Explanation:

The frequency of ripple in the output voltage of a three-phase controlled bridge rectifier depends on various factors. Let's discuss each option to understand which one affects the frequency of ripple.

Firing Angle:
The firing angle determines when the thyristors in the bridge rectifier start conducting. It controls the amount of power delivered to the load. However, the firing angle does not directly affect the frequency of ripple. It only affects the magnitude of ripple voltage and the average output voltage.

Load Inductance:
The load inductance plays a crucial role in smoothing out the output voltage of the rectifier. It reduces the ripple component by storing energy during the conduction period of the thyristors and releasing it during the non-conduction period. However, the presence of load inductance does not affect the frequency of the ripple voltage.

Load Resistance:
The load resistance determines the current flowing through the load. It affects the magnitude of ripple voltage but has no impact on the frequency of ripple.

Supply Frequency:
The supply frequency is the frequency at which the input AC voltage is supplied to the bridge rectifier. It directly affects the frequency of the ripple voltage. The ripple frequency is given by the formula:

Ripple frequency = (3 × supply frequency) ± (3 × harmonic frequency)

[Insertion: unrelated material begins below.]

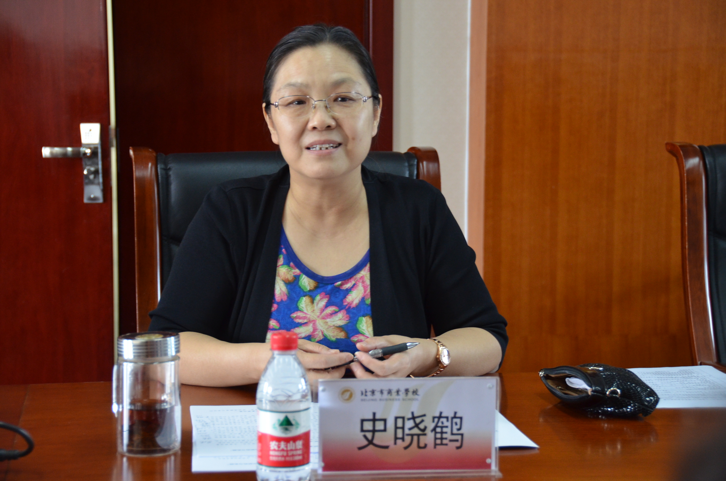 課題組(zǔ)在史曉鶴書記陪同(tóng)下參觀北京商業學校文化建設成果展室

The harmonic frequency is dependent on the number of pulses generated by the bridge rectifier. In a three-phase controlled bridge rectifier, there are six thyristors, resulting in six pulses per cycle. Therefore, the harmonic frequency is six times the supply frequency.

So, the frequency of the ripple voltage is directly proportional to the supply frequency. If the supply frequency increases, the ripple frequency also increases, and vice versa.

Hence, the correct answer is option 'D' - supply frequency.